Even if that interpretation is on target, there’s still plenty of room for the signature Wes Anderson style, in this case taken to new heights of exaggeration; the familiar pastel color palette is now hyper-saturated, evoking hand-tinted vintage postcards or the lurid technicolor of 1950s cinema; that connection is underscored by countless nods to iconic films of the period, including Johansson’s image as both a Hitchcock-inspired icy blonde and an earthy Ava Gardner-esque sex goddess, with a dash of Liz Taylor thrown in for good measure.

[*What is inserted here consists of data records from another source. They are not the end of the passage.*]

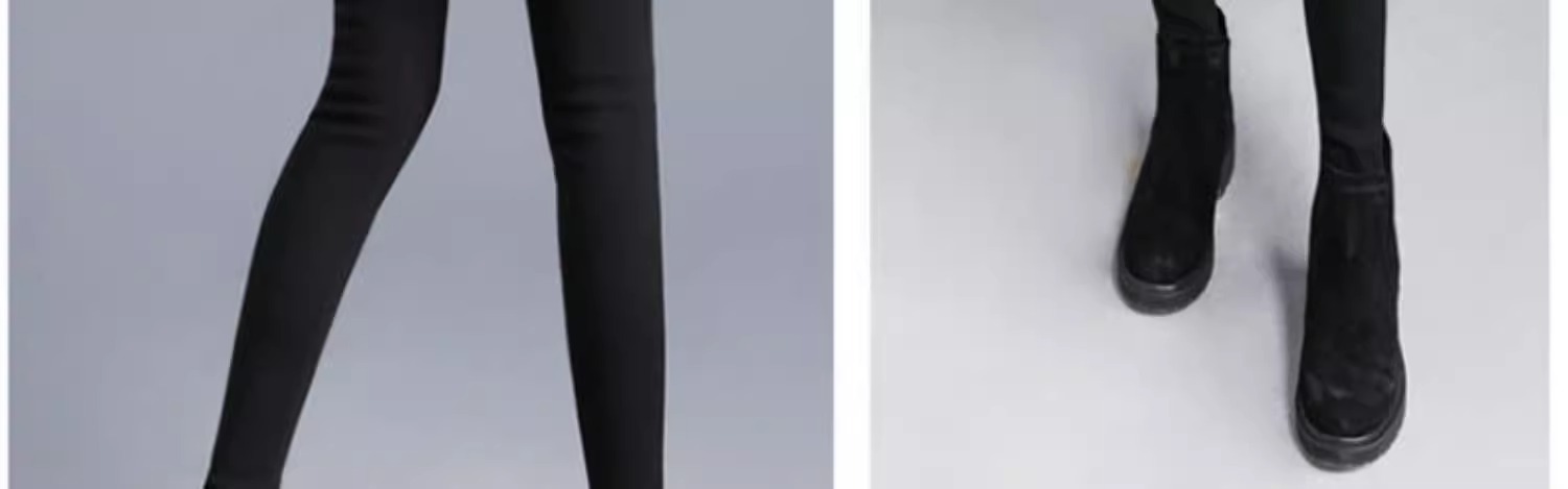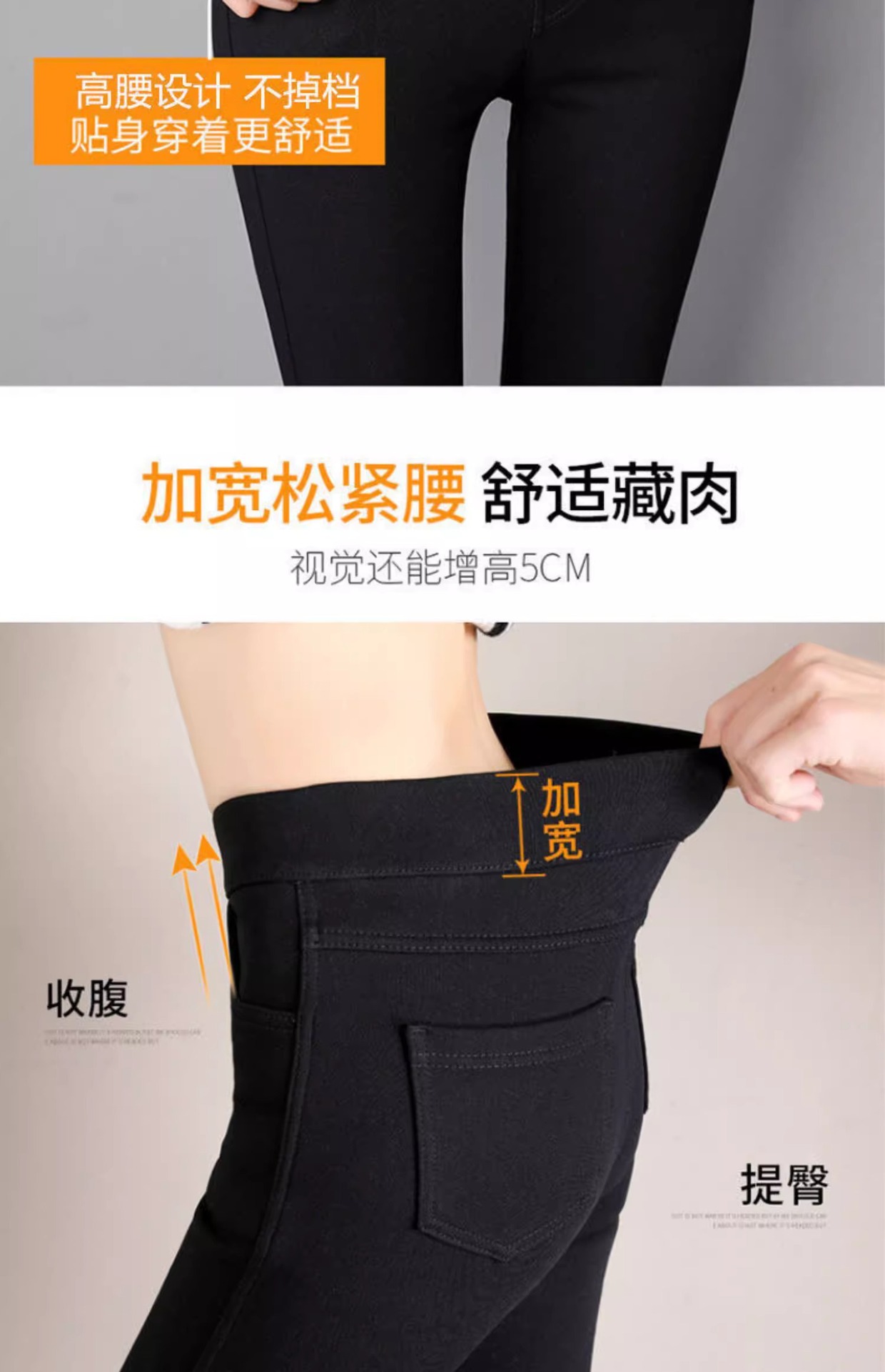 검은 모방 데님 레깅스 여성의 가을과 겨울 기모 높은 허리 타이트 스태프 바지 슬리밍 연필 레깅스 매직 바지
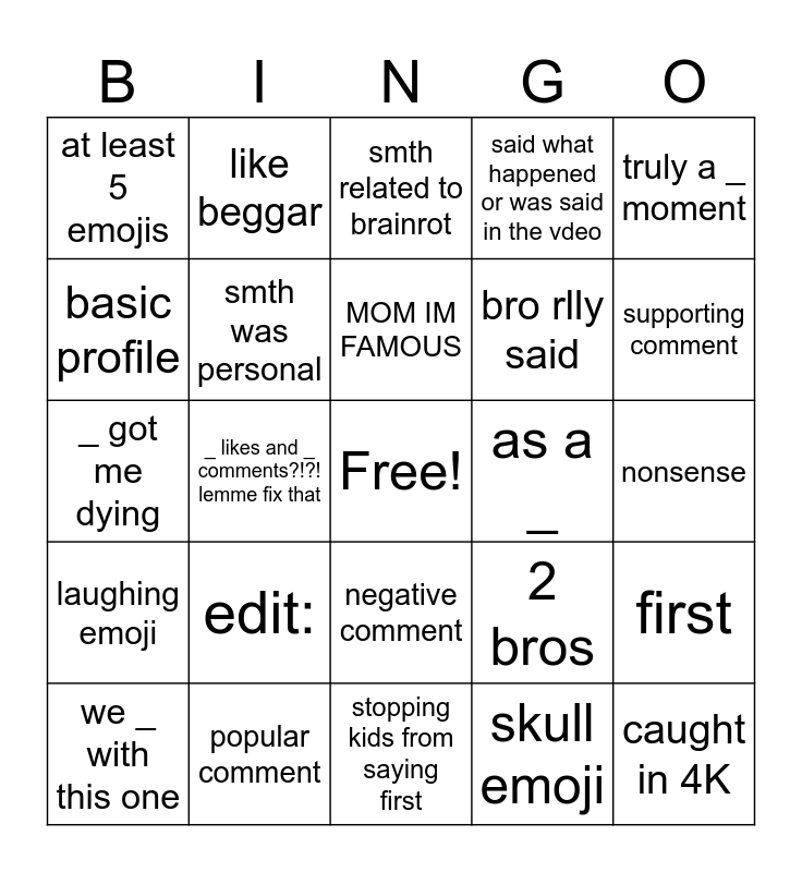 This bingo card has a free space and 24 words: edit:, popular comment, MOM IM FAMOUS, we _ with this one, truly a _ moment, at least 5 emojis, basic profile, like beggar, as a _, negative comment, bro rlly said, _ got me dying, 2 bros, first, smth was personal, skull emoji, nonsense, smth related to brainrot, supporting comment, _ likes and _ comments?!?! lemme fix that, caught in 4K, laughing emoji, said what happened or was said in the vdeo and stopping kids from saying first.
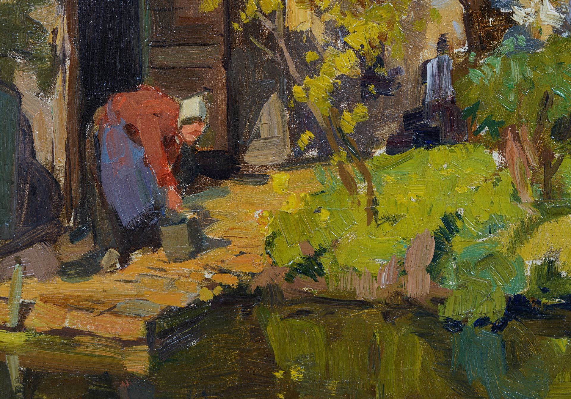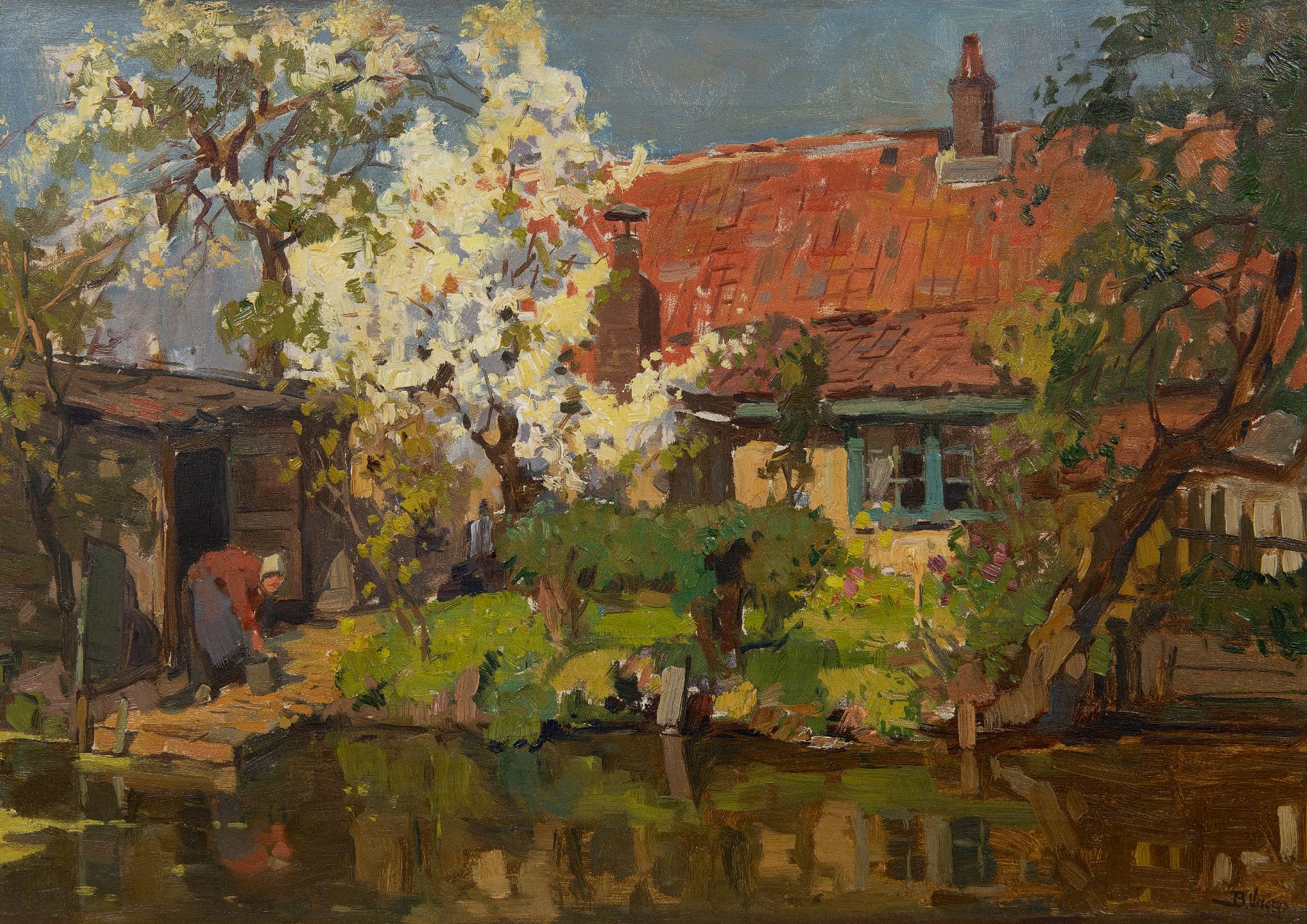 Ben Viegers kunstwerk • schilderij • te koop Boerenerf aan het water
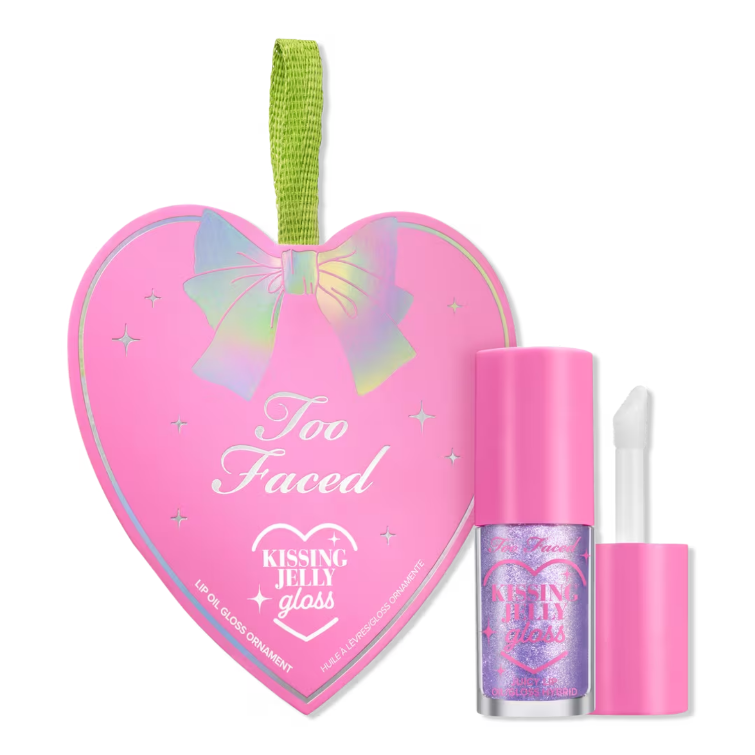 O enfeite de gloss labial Kissing Jelly em tamanho real e edição limitada da Too Faced é o presente perfeito para qualquer ocasião festiva.
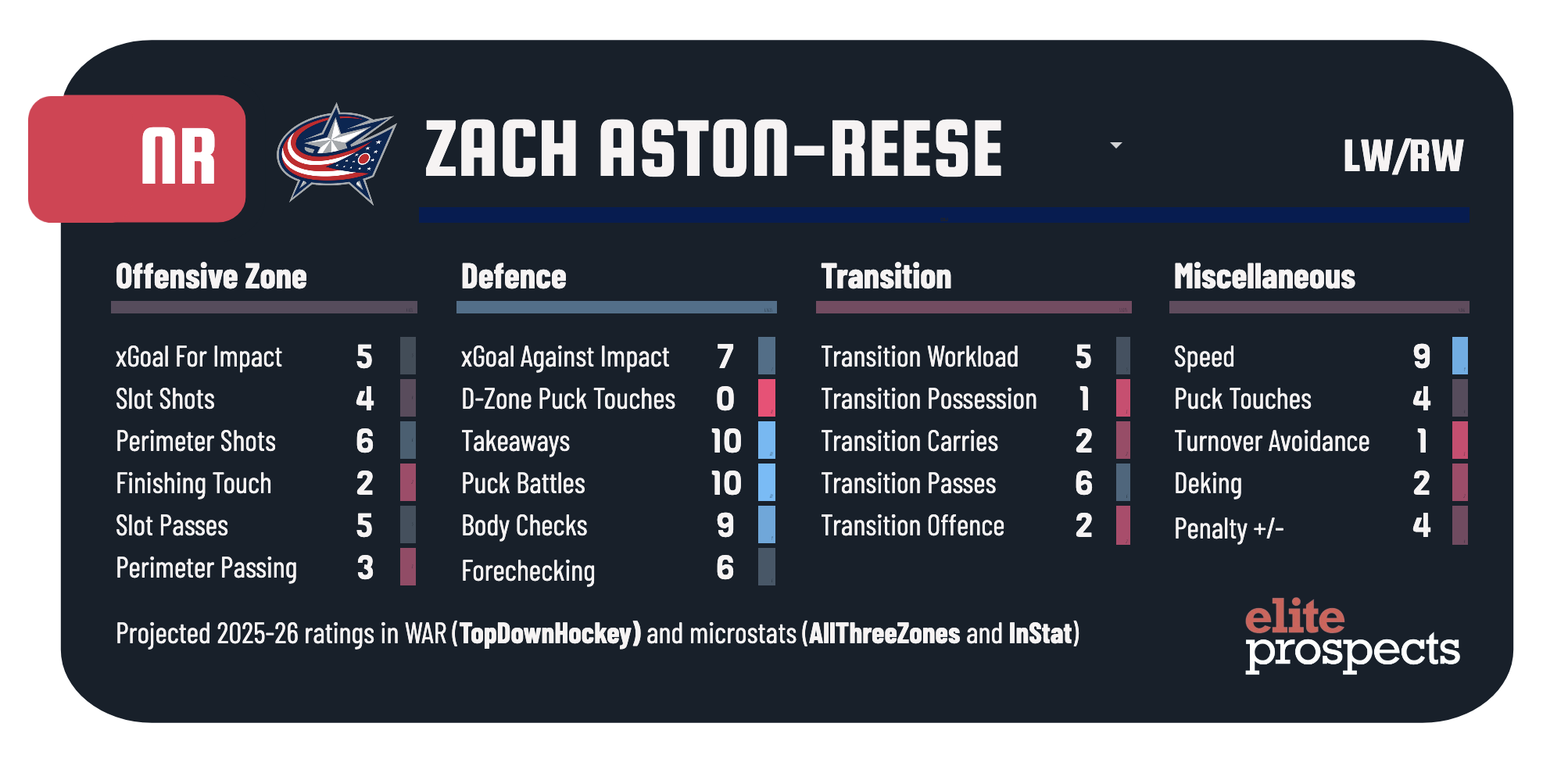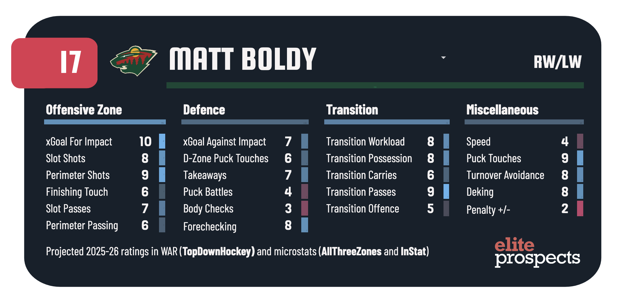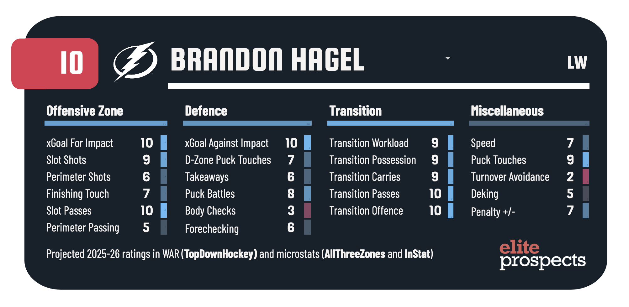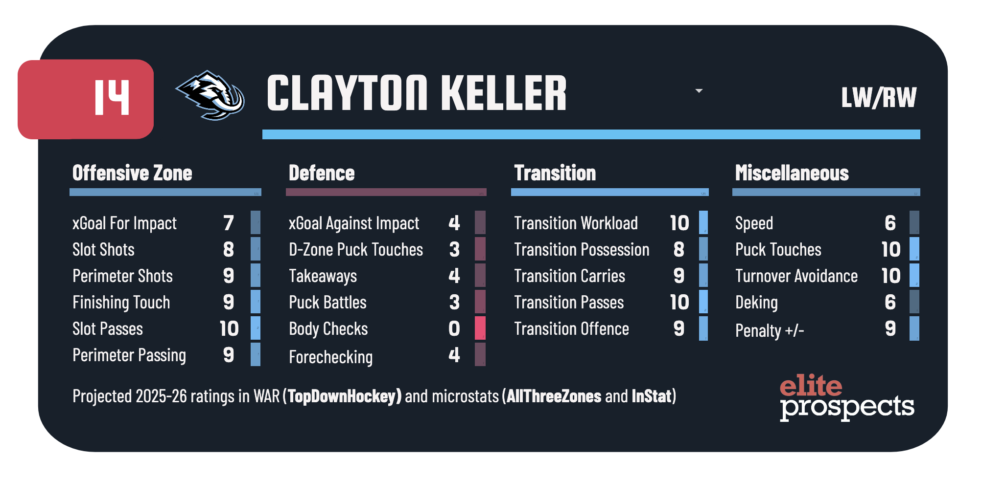 The graphics, inspired by the work done by Elite Prospects' prospect writers, include projected player ratings for the 2024-25 season in four categories: offensive zone play, defence, transition play, and miscellaneous. Departing from the percentile rankings I use on my player cards, here I use a 1-to-10 rating based on projected finish to respect the uncertainty at play here. The idea is to provide a broad impression of every player's strengths and weaknesses and give you as accurate an impression as possible of how they play.
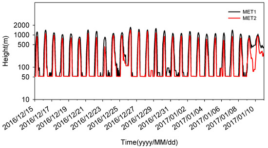 Time series of boundary layer height (PBLH, unit: m) in simulation results of MET1 (black solid line) and MET2 (red solid line).
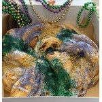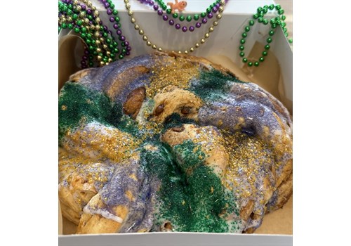 Our cinnamon roll dough turned into the famous king cake! Each cake comes with beads and a baby for you to tuck inside if you choose. Pick from cinnamon, pecan, chocolate or cream cheese
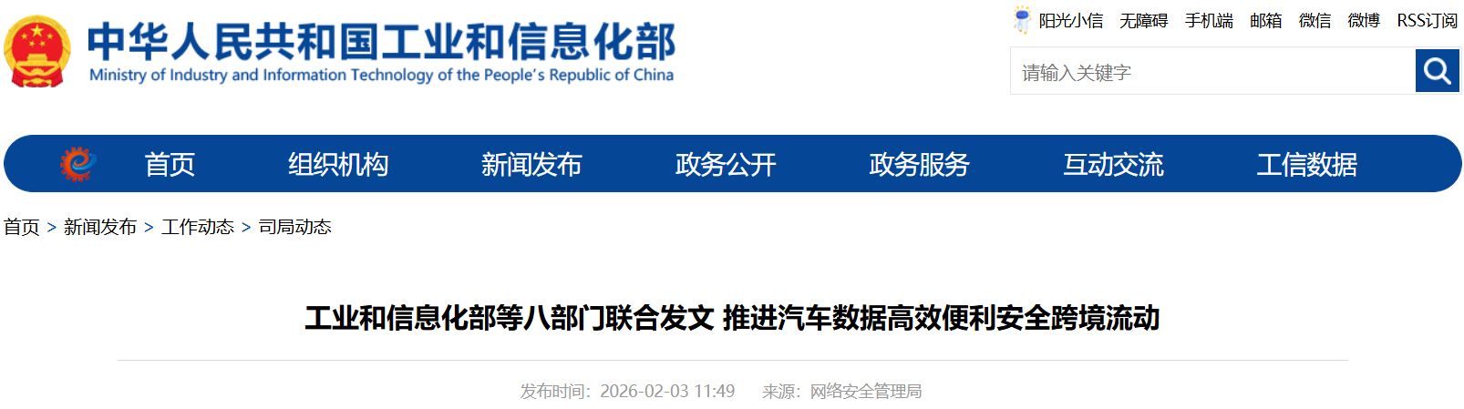 政策发布 - 工业和信息化部等八部门于2月3日联合发布《汽车数据出境安全指引(2026版)》[2][6] - 该指引旨在推动建立高效便利安全的汽车数据跨境流动机制,提升汽车数据出境便利化水平[6] 核心内容与管理方式 - 指引明确了汽车数据出境活动的管理方式、重要数据判定规则和安全保护要求[6] - 规定了三种数据出境管理方式的适用条件:申报数据出境安全评估、订立个人信息出境标准合同、通过个人信息出境认证[6] - 提出了九类豁免情形[6] 行业应用与数据判定 - 指引面向汽车行业典型业务场景,包括研发设计、生产制造、驾驶自动化、软件升级、联网运行等[6] - 细化了针对上述业务场景的汽车重要数据判定规则[6] 流程与保护要求 - 明确了数据出境的流程[6] - 从管理制度、技术防护、日志管理、应急处置等方面提出了数据安全保护要求[6] - 指导汽车数据处理者规范开展数据出境活动,以提升汽车数据安全保护水平[6] 后续工作方向 - 工业和信息化部将组织相关企业准确识别重要数据并进行备案,明确安全保护目标[6] - 将指导企业立足业务场景和保护需求,加强管理制度、操作规范和技术能力建设,强化全生命周期保护能力[6] - 将深化国际合作,推动建立平等互惠共赢、高效便利安全的汽车数据跨境流动国际规则[6]
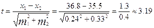 стандартной ошибки среднего арифметического значения (m) по формуле:
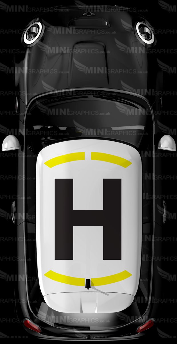 Heli-pad mini roof graphic. The design shows the cars colour as the background. The image shows yellow and black vinyl on a white roof.
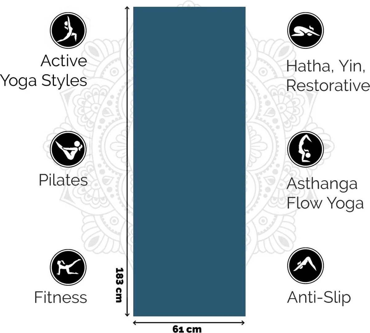 183 cm lang x 61 cm breed x 6 mm dik Lichtgewicht (+/- 1.5 kg) Anti slip / sticky Wordt steeds stroever door gebruik Gemaakt van OEKO-TEX gecertificeerd PVC zonder gifstoffen of zware metalen Geschikt voor een dagelijkse yogapractice Geschikt voor alle yogastijlen en ook als fitnessmat & pilates mat Ook een fijn yogamatje voor beginners
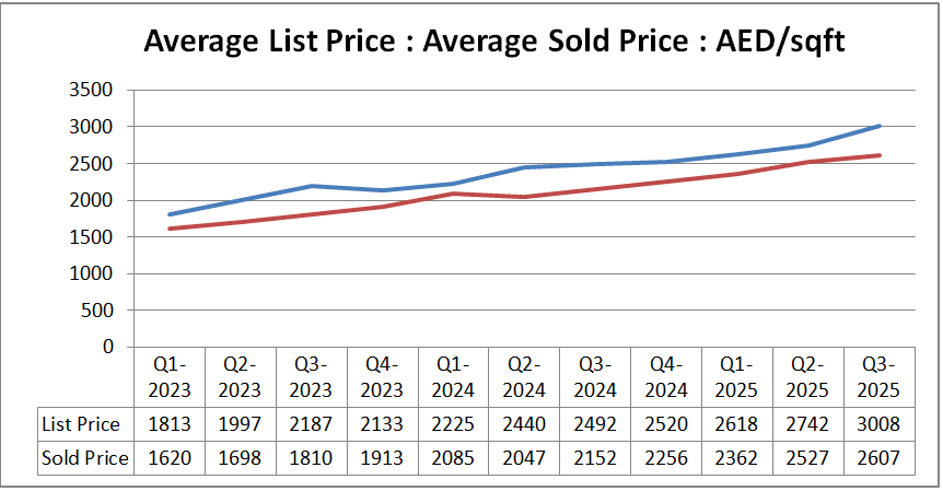 The average sold price (AED/sq.ft) increased by 18.6% during the past 12 months.
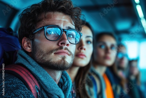 A young man with glasses stares thoughtfully forward in a bustling subway scene, surrounded by other travelers, capturing a moment of quiet reflection amidst chaos.

Then there’s the inescapable fact of its mid-20th Century setting, which evokes not only the kind of corny “alien panic” sci-fi movies “Asteroid City” affectionately lampoons, but the strong current of worldwide trauma that emerged in the arts and culture of the era. After two world wars and a bomb that introduced the permanent threat of nuclear doomsday to their psyche, humanity was – understandably – preoccupied with finding meaning in a universe that suddenly felt indifferent, and the artists of the day led the search. Since Anderson’s bemusingly post-modern reassembly of these elements is centered on an imagined theatrical masterpiece that emerged from within that zeitgeist, it’s hard not to see a connection being drawn to our own time, when new daily threats force us to endure a similar state of perpetual existential crisis. In any case, Anderson’s familiar blend of precocious whimsy and melancholy nostalgia is tinged with a more profound sadness this time around, even if it is effectively counter balanced by a light heart.

What strikes us at more personal level, though, is the subtle but significant queer core that stems from the creation of the play-within-the-movie by a Tennessee Williams-esque tragic genius – whose presumed queerness is revealed in a scene too exquisitely orchestrated to spoil. It seems a minor touch, but rather than some token effort at inclusion, it feels like a nod to the unsung influence of queer artists, whose outsider status throughout history has granted them an observer’s eye which has played an important role in showing the rest of society the things it might have trouble seeing for itself – as the best artists have always done.

We could say more about this film – the sublime performances, which manage a wealth of emotional range inside the “Andersonian” parameters of the cast’s deadpan delivery; the impossibly kitschy handmade scenery; the self-referential humor that bubbles under so much of what appears on screen – but we won’t. If you’re a fan, you’ll want to pick through the details for yourself.

If you’re not, we know nothing we can say will convince you to see it anyway, and that’s probably for the best.